Thank you for developing this amazing noise reduction technique. I have 4 tumor samples and 4 healthy donor samples, and for each sample, I added a DSB-normalized matrix (containing over 90 antibodies plus 3 isotype controls) before integrating them based on RNA. The Seurat FindMarkers function recommends using either the raw count or normalized data slot (DSB normalized in my case), but doing so generates large log2 fold changes (>100) between tumor and healthy cells in different cell types. I'd appreciate your thoughts on how to handle this. Thank you!

MattPM commented 1 month ago

@corbettberry Can you clarify your experiment design? Do you have 8 separate antibody staining reactions, or are you multiplexing 8 samples together, staining with antibodies in single tube, then partitioning that across 8 lanes?

MattPM commented 1 month ago

@ddmk7 This is more of a downstream analysis question, a bit outside the scope of this denoising package.

I will say that since you have several distinct individuals, the functions in "FindMarkers" are not ideal. The cells (more technically, the standard errors of the statistical test) are not independent if you're comparing n=4 tumor vs n=4 normal and treating all the samples as "replicates", ignoring the fact that you have several individuals.
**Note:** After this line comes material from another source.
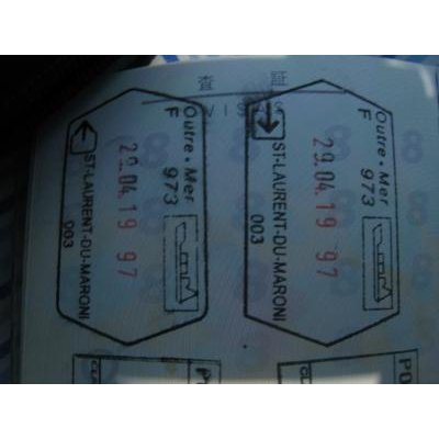 スリナムのパラマリボから日帰りで仏領ギアナの国境の町まで行ってきました。アクセスですが、パラマリボからスリナム側の国境の町までバスを用いました。スリナム側のイミグレーションは、ちょっと離れていたのでタクシーを使いました。国境はボートをチャーターして渡りました。写真は仏領ギアナのスタンプです。
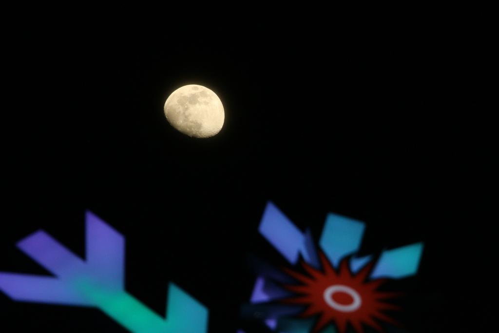 29日、黒竜江省亜布力(ヤブリ)スキー観光リゾートで撮影した月。(ハルビン=新華社配信/曾東)

That is an example of pseudoreplication. Those p values are inflated and technically invalid. Unfortunately it happens a lot in published literature. This paper explains some of the issues: https://www.nature.com/articles/s41467-021-21038-1.
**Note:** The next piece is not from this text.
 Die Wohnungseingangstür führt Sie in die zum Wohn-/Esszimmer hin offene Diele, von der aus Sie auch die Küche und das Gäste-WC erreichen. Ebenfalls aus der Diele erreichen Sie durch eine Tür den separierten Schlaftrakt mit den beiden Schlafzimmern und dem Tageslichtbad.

FindMarkers is ok for defining cluster specific markers just for the purpose of cell type annotation but not testing experimental effects in your case.
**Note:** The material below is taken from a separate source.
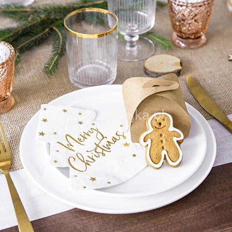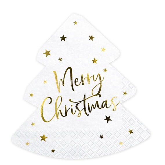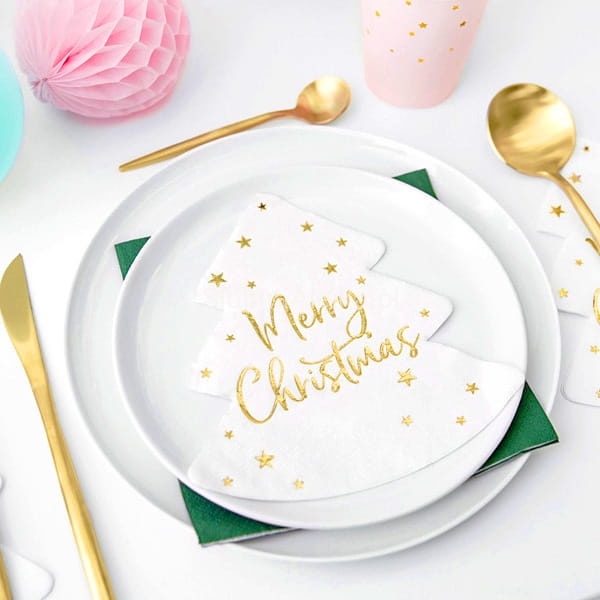 Serwetki papierowe w kształcie choinki z napisem Merry Christmas. Serwetki papierowe to bardzo wygodne i praktyczne serwetki, które służą na co dzień w każdej restauracji. W naszej ofercie posiadamy serwetki 3-warstwowe, które dodatkowo posiadają ozdobny nadruk. Dzięki temu są dekoracyjnym dodatkiem nawet podczas świąt, przyjęć i wesel. Pięknie prezentują się zarówno w naszych ozdobnych serwetnikach, jak i zwinięte w obrączkach na serwetki. Stają się wówczas ozdobą samą w sobie. Serwetki pomimo materiału, z jakiego są zrobione, są wytrzymałe i chłonne. W razie potrzeby można z nich również ułożyć restauracyjne origami. Uniwersalność serwetek papierowych to ich zdecydowana zaleta, dlatego ten produkt cieszy się w naszym sklepie ogromnym zainteresowaniem.

I would recommend using a mixed effects model and a pseudobulk approach. See here for more information: https://www.nature.com/articles/s41467-020-19894-4.

You can also read the methods of the differential expression approach used in our recent paper https://mattpm.net/man/pdf/natural_adjuvant_immunity_2024.pdf the associated code with the paper has a lot of examples https://niaid.github.io/fsc/

That framework leans heavily on Gabe Hoffmans method for applying mixed models on rnaseq data. His more recent advance of empirical bayes methods for mixed models with single cell data would be good to read for a deeper dive: https://academic.oup.com/bioinformatics/article/37/2/192/5878955 https://pubmed.ncbi.nlm.nih.gov/36993704/

-matt

corbettberry commented 1 month ago

@MattPM we had 8 separate antibody staining reactions that were then run across 8 separate lanes. Thanks for your help!

MattPM commented 1 month ago

@corbettberry Edited 6 Oct 2024 for clarity.

@corbettberry Please see the answer and code provided in https://github.com/niaid/dsb/issues/12

dsb is based on the underlying physics of each antibody staining reaction. In theory, each unique staining reaction for your 8 samples is a separete data generation process, so the data should be normalized separately, then each normalized matrix can be combined. However, in practice, if you stained the cells the same way for the same amount of time carefully, and the samples are relatively similar in their composition, the background distributions will be very similar between samples, and you can run one normalization after first combining all of the matrices into a large cell matrix and background matrix respectively. There is no way of knowing which will be better for your data without some testing and I have seen datasets where either scheme worked better. In issue 12 linked above, I provided code to run both ways. You can then see which method works better for you. If combining the matrices, append all the barcodes of each "lane" with a string like "_1" for the first lane, "_2" for the second and so on, to avoid barcode collisions (some barcodes of different lanes will be the same).